02.12.31(Tue) バーの片隅で【後編】
先に前編読んでからご覧下さい

 しばらくして僕の目の前に、出来たてのカクテルが出される。淡い青のきれいな、澄み切った青空と夜空が混じり合ったような、何とも微妙な色合い。僕はマスターにこのカクテルの名前を聞いたけれど「飲み終わったときに教えますよ」とウィンクして見せたのです。恐らくオリジナルなのでしょう、どうぞ名前を考えてくださいとの含みのあるウィンクだったのかもしれません。
 しばらくして、先ほどの女の子がカウンターに戻ってきました。また先ほど会話の続きが始まったようです。

「真紀子さんの退陣して内閣支持率が落ち、そこから小泉さんは北朝鮮行きを決意したのかなぁ?」

「そうかもね、現に支持率は回復したじゃない」

「それにしても北朝鮮って怖い国だね」

「アメリカが悪の枢軸発言するのもわかるよ」

 北朝鮮はこれまでに数多の人々を拉致してきました。あまり論争されていませんけれど、日本人だけでなく韓国人や諸外国の人々も拉致したという話。虚偽はいずれ公に晒されると思いますけれど、とりあえずわかっている日本人が自国に帰国出来て良かったですね。ただし、離ればなれになった親子もいるし、公表されていない拉致被害者もいるだろうから、手放しでは喜べません。
 これまで拉致を全く認めていなかったのに、ここに来ての急な方向転換。北朝鮮国内の事情がそうさせているのでしょう。暴発寸前のピストル、むき出しの刀。そういう印象を受けるのは僕だけでしょうか。
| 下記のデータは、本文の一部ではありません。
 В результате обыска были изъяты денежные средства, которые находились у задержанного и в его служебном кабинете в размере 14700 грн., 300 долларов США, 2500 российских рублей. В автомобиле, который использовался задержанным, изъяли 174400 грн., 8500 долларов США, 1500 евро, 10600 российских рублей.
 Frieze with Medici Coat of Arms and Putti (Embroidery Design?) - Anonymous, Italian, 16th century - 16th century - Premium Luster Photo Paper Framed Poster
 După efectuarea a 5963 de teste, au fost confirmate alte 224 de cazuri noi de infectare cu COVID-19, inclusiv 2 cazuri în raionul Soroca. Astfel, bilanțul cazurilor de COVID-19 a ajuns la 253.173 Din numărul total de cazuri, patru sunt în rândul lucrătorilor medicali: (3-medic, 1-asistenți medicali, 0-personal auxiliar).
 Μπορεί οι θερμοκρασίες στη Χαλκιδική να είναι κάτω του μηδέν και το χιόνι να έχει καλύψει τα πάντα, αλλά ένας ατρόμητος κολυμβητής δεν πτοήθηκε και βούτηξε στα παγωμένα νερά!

「拉致問題で存在が吹っ飛んでしまったけれど、ムネオっていたね」

「あぁ、いたいた。例のムネオハウスで有名な恫喝政治家」

 政治家不信ここに極まる。北方四島がらみで数々の疑惑が浮上した「疑惑のデパート」こと鈴木宗夫さん。あっせん収賄や受託収賄など四つの罪で起訴されました。この人に疑惑の目を向け鋭い指摘をした辻本さん、それに外務省と戦った田中真紀子さん、政界のプリンス加藤紘一さんなど次々と辞職。うーん、とにかく国会が荒れまくったのが印象的。
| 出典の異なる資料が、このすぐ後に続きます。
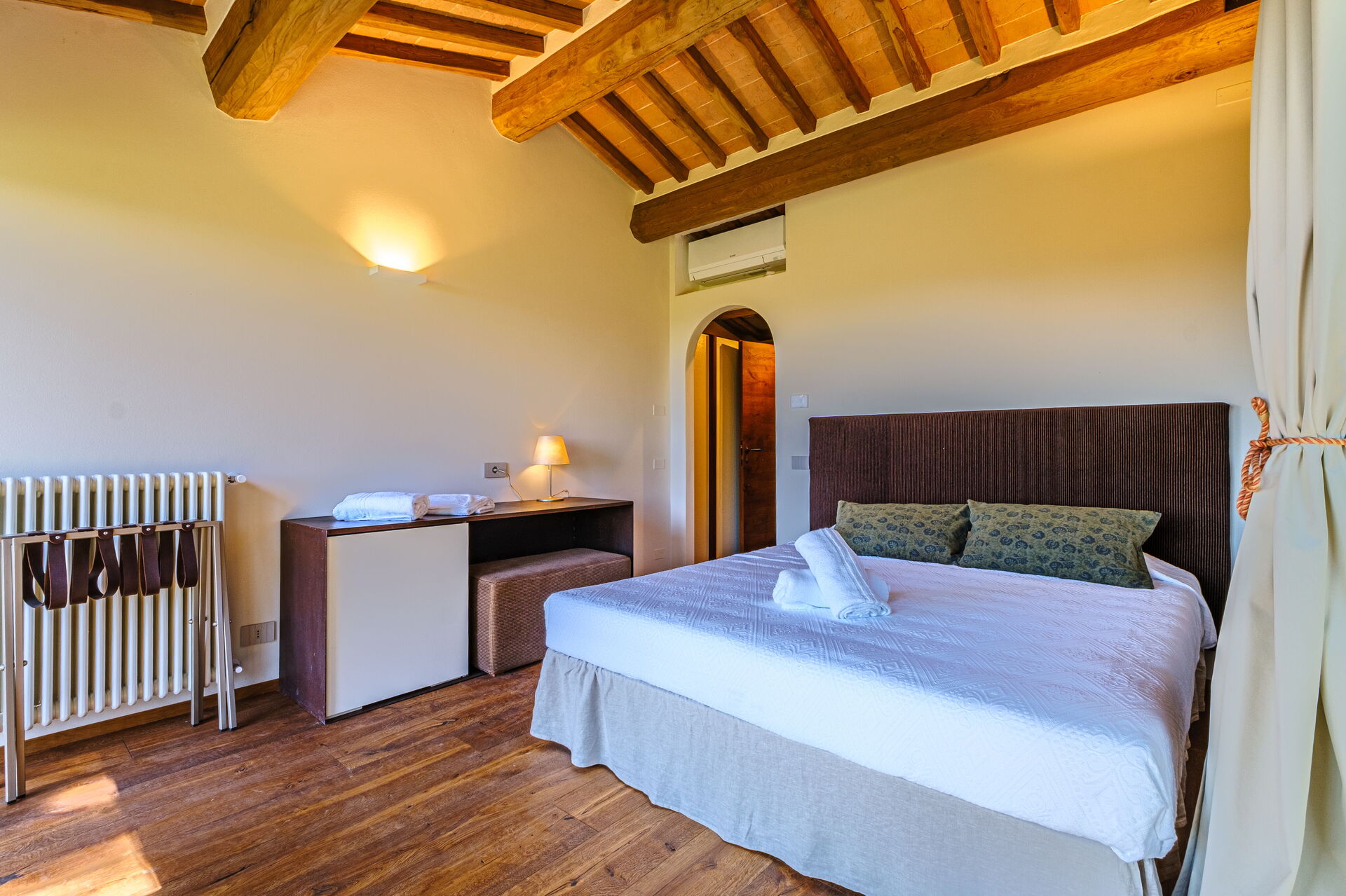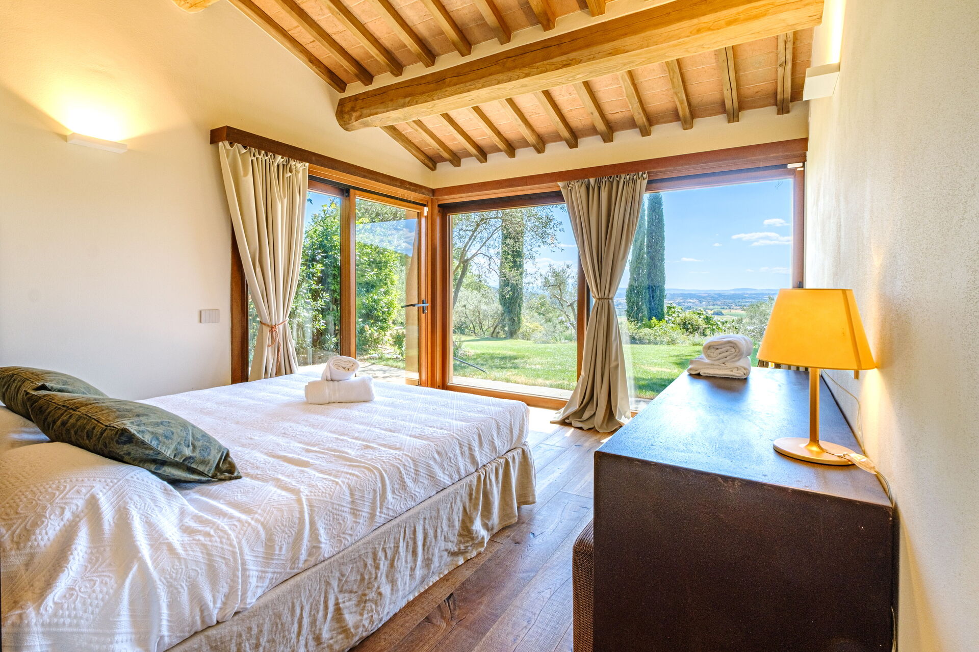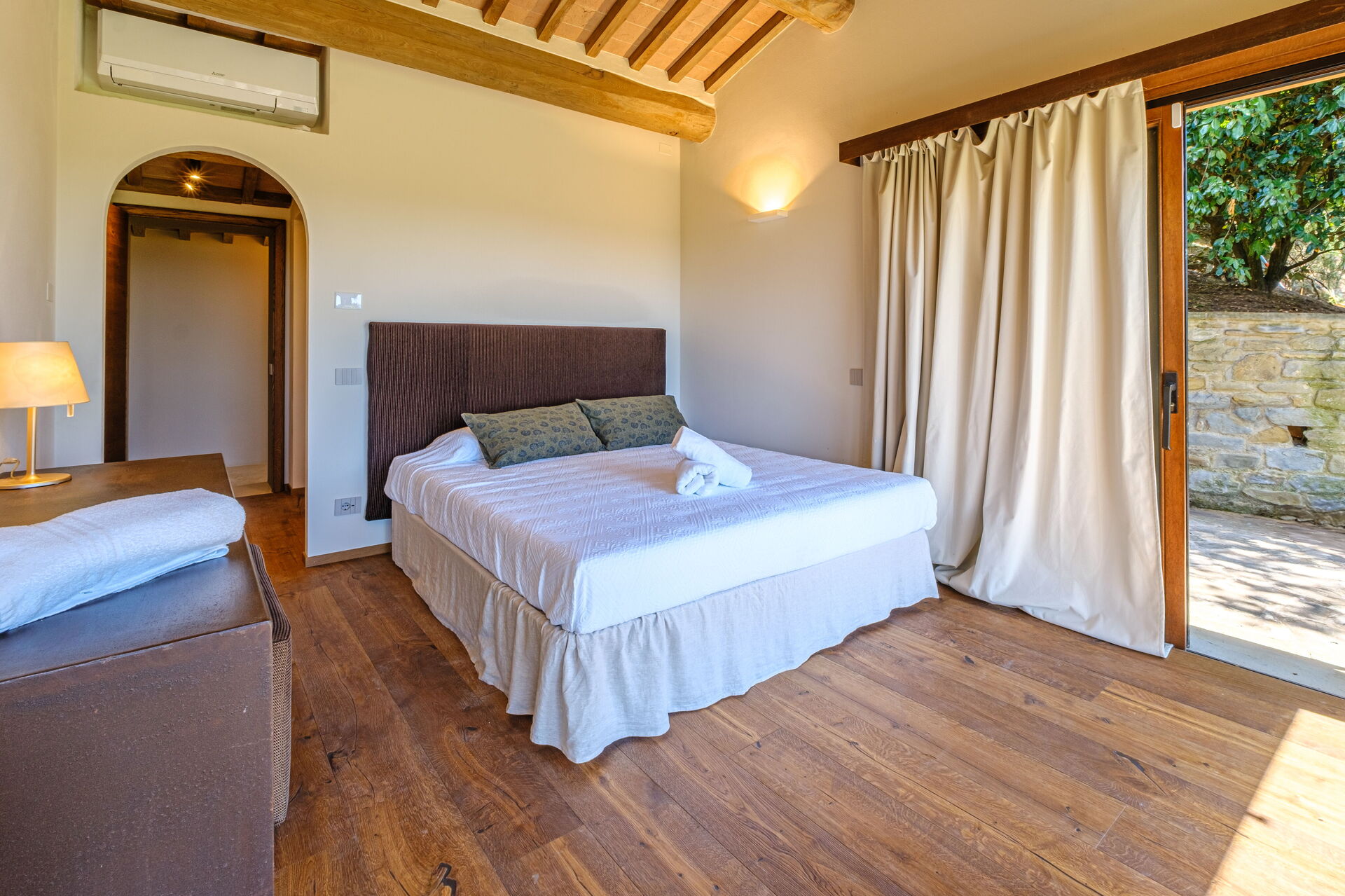Denne eksklusive ejendom er indrettet med smag og elegance; den er komfortabel og udstyret med moderne bekvemmeligheder, samtidig med at de originale arkitektoniske træk ved toscanske landhuse respekteres (synlige bjælker, brug af træ og lokale sten). Villa Roseto er i ét plan, har 5 soveværelser og kan rumme 10 personer; hyggelige fællesområder giver jer mulighed for at tilbringe et behageligt og uforglemmeligt ophold nær Cortona i selskab med venner og familie.

 ムネオハウスの話から音楽の話へ移り、やれ内田有紀だ鶴田真由だ本上まなみだと結婚話になり、僕の興味は完全に削がれました。僕はゆっくりと青い正体不明のカクテルを飲みながら、自身の今年を振り返っていました。グラスの残りが少なくなるに連れ、だんだんと眠くなり、いつしか深い眠りについていたようです。

 目が覚めると辺りは薄暗く、客は誰もおらず、バーには僕とマスターの二人だけ。いつもは狭いバーですけれど、やたらと広く感じました。あぁ、どのぐらい寝ていたんだろう。まぁ、やることがあるわけでもないし。

「マスターにとって今年は何が印象に残りました?」

 どうやらマスターは今年に起こった出来事を振り返っているよう。政治から娯楽までいろいろなことが起こった一年ですから、マスターもやっぱり考えるところは多いでしょう。しかし、その答えは意外なものでした。

「こうしてお客さんと会話していることかな」

 僕の顔をチラッとみて、また先ほどのようにウィンクしてみせる。その仕草を見て気づきました。そうだそうだ、先ほどのカクテルの名前を聞いていなかったな。

「ねぇ、さっきのカクテル。飲み終わったから名前教えてくれるよね」

「あれはお客さんのためだけに作ったんですよ。名前はLast Year」

「ふーん、Last Yearかぁ。洒落ているね」

 マスターは薄暗い照明の下で、僕に向かって笑いながら、三度目のウィンクをしました。何かそこに深い意味が隠されているような。不意に時間が気になって時計を見ると、零時をすでに回っていました。そう、すでに新年に入っていたのです。それで僕と会話しているのが印象的だと言ったのか、なるほどね。

「今年もよろしく、マスター」

「またのお越しを心よりお待ちしております」

 勘定を払い店を出ます。三杯も飲んだら足下がフラフラで二日酔いになるはずなのに、しっかりとした足取り。酒を飲んだのが嘘のような歩調で、僕は歩き始めました。
 そうか、さっき飲んだカクテルは「Last Year」だったな。きっと今年には残らない酒なのでしょう、通りで足がしっかりとしているわけだ。次に来る時にはどんなカクテルが出されるか楽しみです。「New Year」っていう名前だったりして。

 空を見れば淡い青のきれいな、澄み切った青空と夜空が混じり合ったような、何とも微妙な色合い。それも夜が明けるに連れ、だんだんと青の色合いと太陽の赤い色合いが強くなってきました。もう去年は終わったんだという実感が湧いてくる。

 歩きながら、僕は心の中でつぶやきました。「Happy New Year」ってね。

WEB NIGHT BAR

WEB NIGHT BAR、サントリーより

 年越しにカクテルなんて洒落ているかもしれませんね。さて、これを見る人は旧年なのでしょうか、新年なのでしょうか。どちらにせよ、みなさまメノモソに足をお運びありがとうございました。そして、これからもよろしくお願いいたします。みなさん良いお年を。